----- EXTRACTED MATERIAL -----

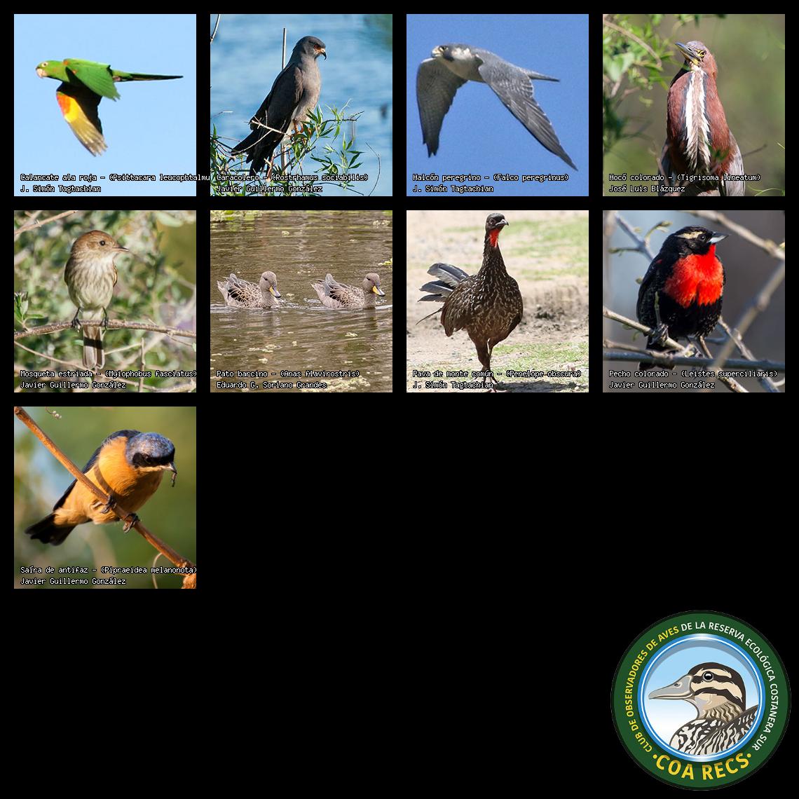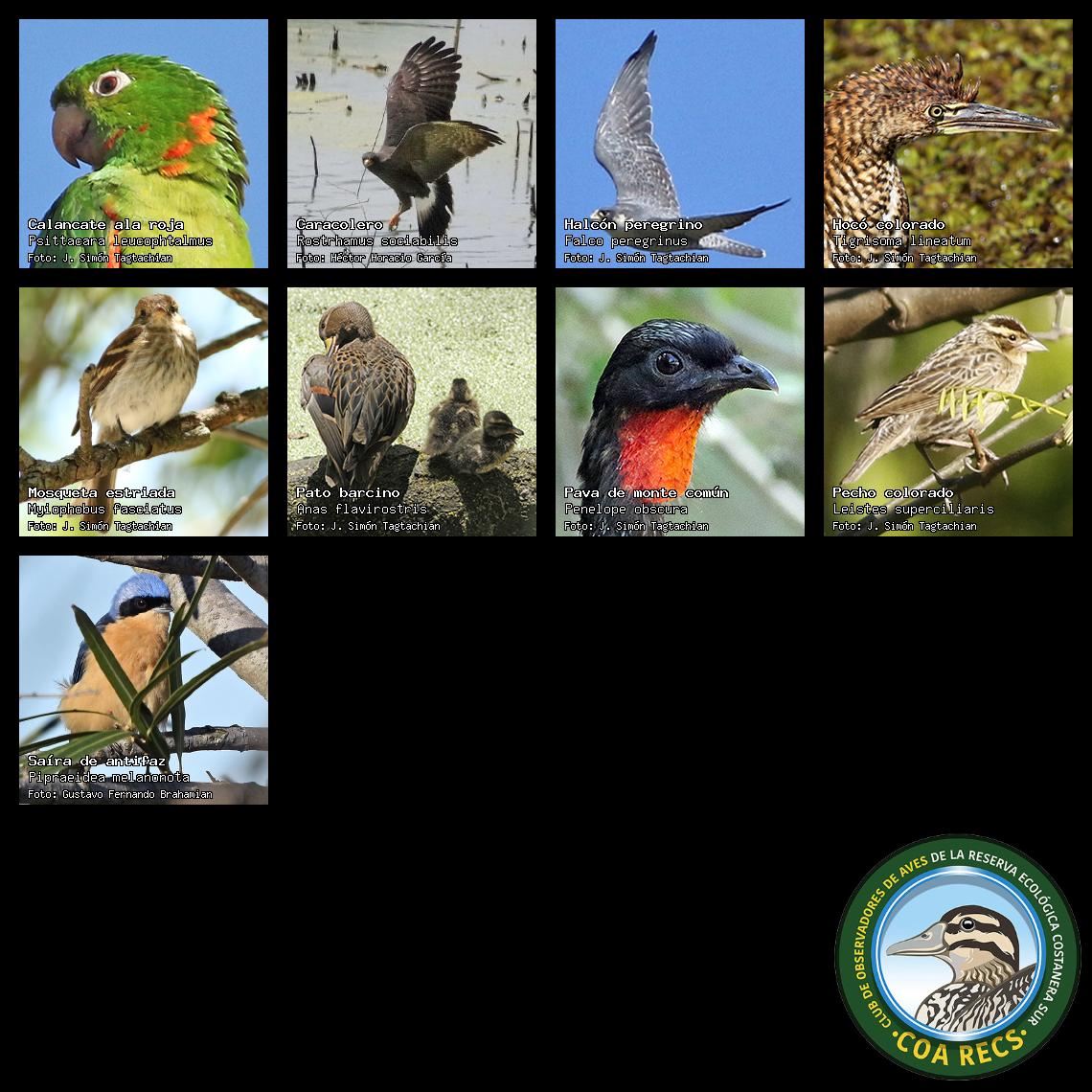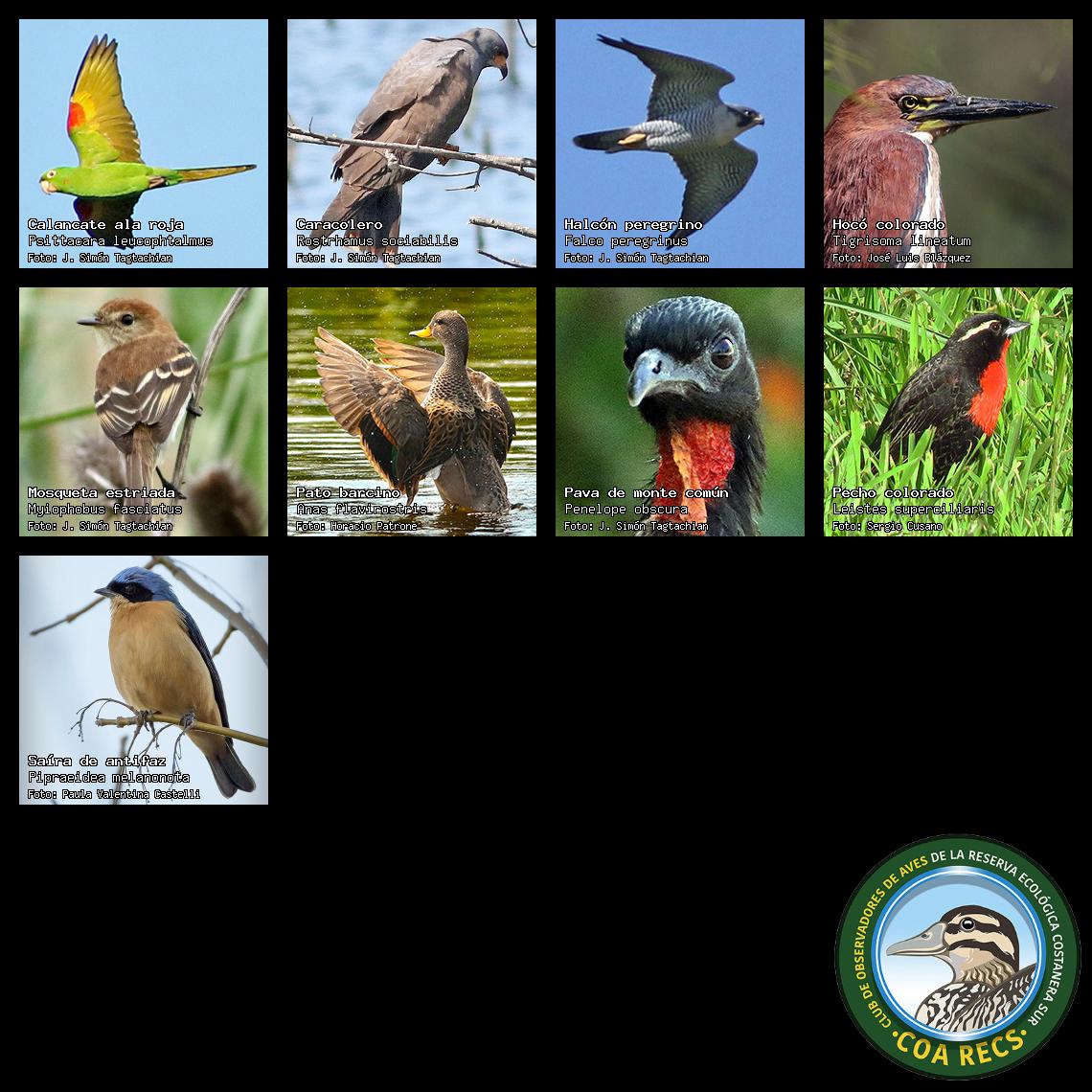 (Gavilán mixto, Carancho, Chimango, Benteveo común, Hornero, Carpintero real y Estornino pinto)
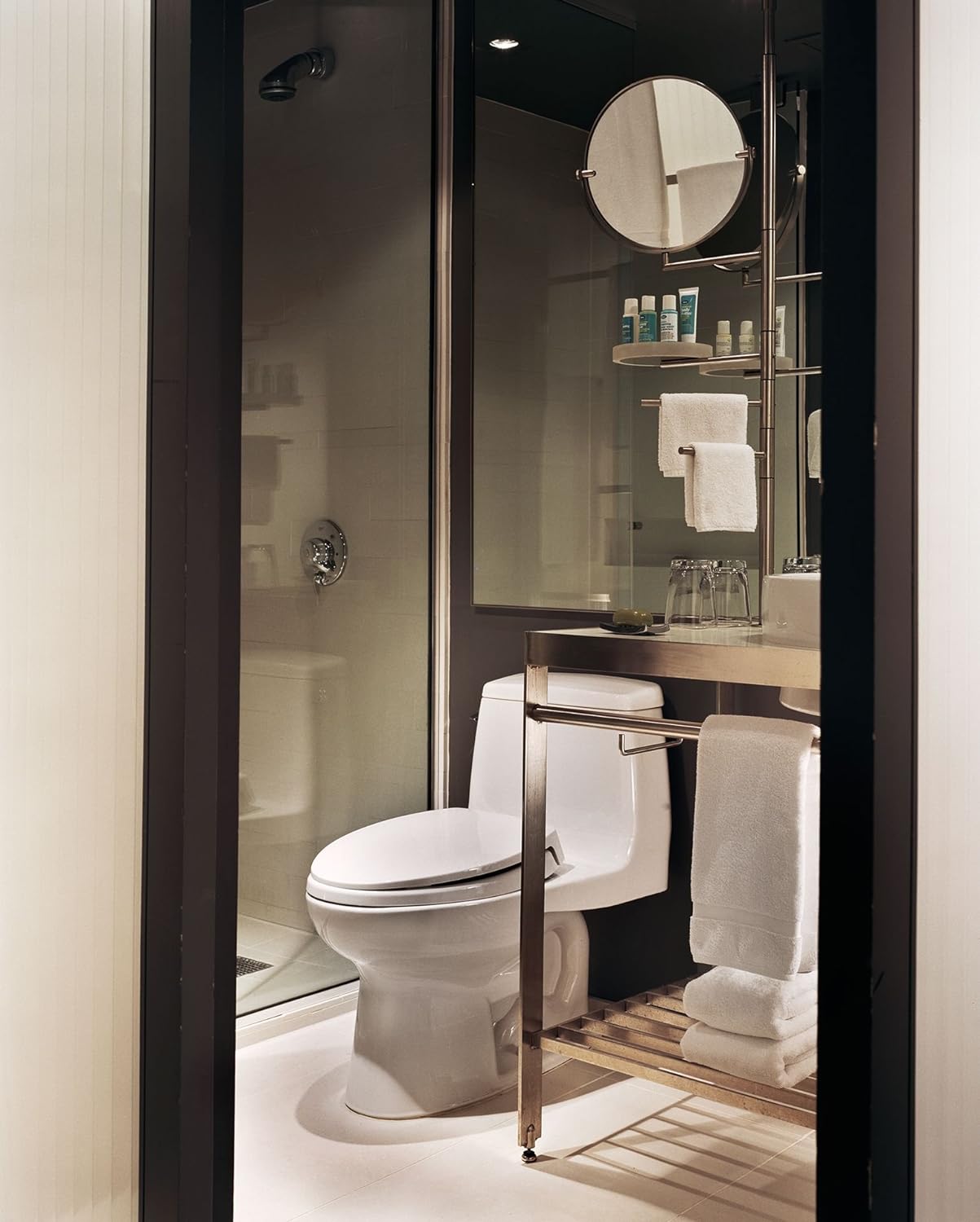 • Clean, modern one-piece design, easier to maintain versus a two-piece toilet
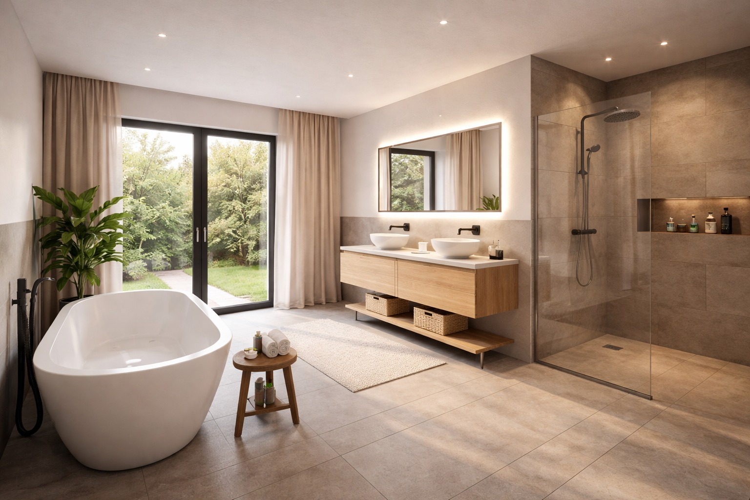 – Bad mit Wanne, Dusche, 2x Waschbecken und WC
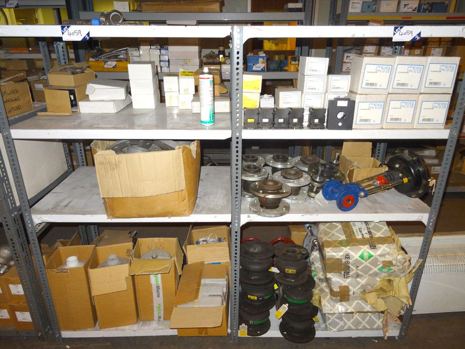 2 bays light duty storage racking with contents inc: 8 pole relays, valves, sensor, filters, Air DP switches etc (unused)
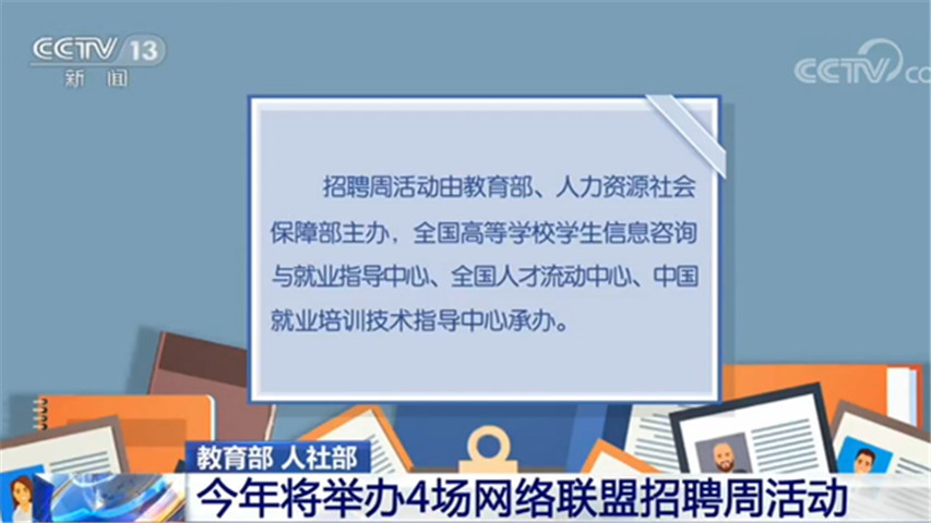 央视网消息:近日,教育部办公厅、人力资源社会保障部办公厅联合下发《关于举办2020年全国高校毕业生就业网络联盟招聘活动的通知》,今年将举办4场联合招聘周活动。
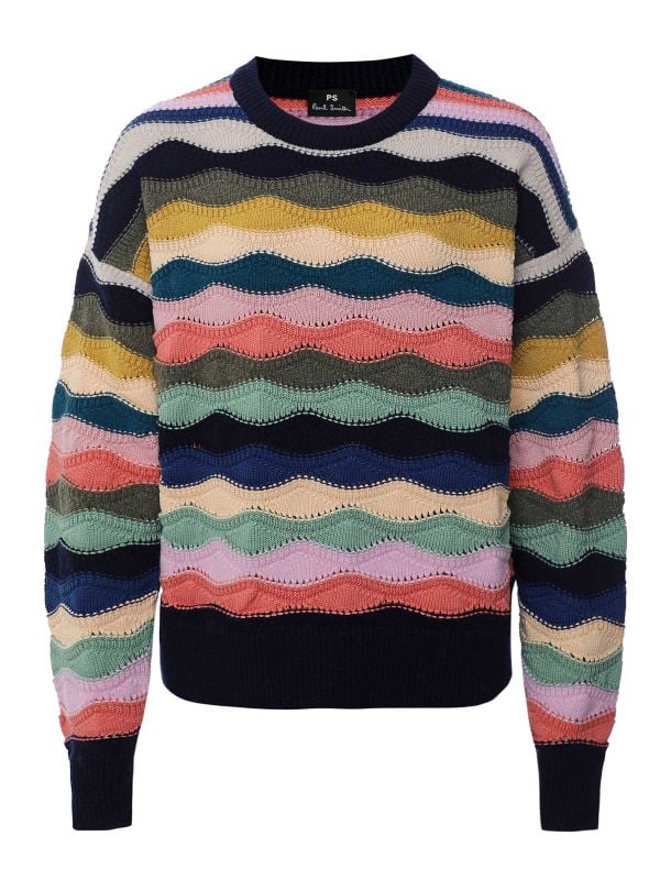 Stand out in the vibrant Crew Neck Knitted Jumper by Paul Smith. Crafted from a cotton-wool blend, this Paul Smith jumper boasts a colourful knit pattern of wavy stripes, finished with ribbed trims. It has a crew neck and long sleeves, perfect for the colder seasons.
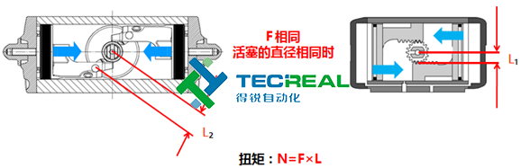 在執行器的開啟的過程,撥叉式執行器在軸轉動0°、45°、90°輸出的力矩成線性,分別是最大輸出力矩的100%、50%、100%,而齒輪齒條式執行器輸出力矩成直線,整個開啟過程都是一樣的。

-----

YOUR ASSIGNMENT: Working from the line with "Waschbecken und WC" down through the last line of the records, give every line again exactly, but no pictures.

RESPONSE TO THE EXERCISE:
 – Bad mit Wanne, Dusche, 2x Waschbecken und WC
 2 bays light duty storage racking with contents inc: 8 pole relays, valves, sensor, filters, Air DP switches etc (unused)
 央视网消息:近日,教育部办公厅、人力资源社会保障部办公厅联合下发《关于举办2020年全国高校毕业生就业网络联盟招聘活动的通知》,今年将举办4场联合招聘周活动。
 Stand out in the vibrant Crew Neck Knitted Jumper by Paul Smith. Crafted from a cotton-wool blend, this Paul Smith jumper boasts a colourful knit pattern of wavy stripes, finished with ribbed trims. It has a crew neck and long sleeves, perfect for the colder seasons.
 在執行器的開啟的過程,撥叉式執行器在軸轉動0°、45°、90°輸出的力矩成線性,分別是最大輸出力矩的100%、50%、100%,而齒輪齒條式執行器輸出力矩成直線,整個開啟過程都是一樣的。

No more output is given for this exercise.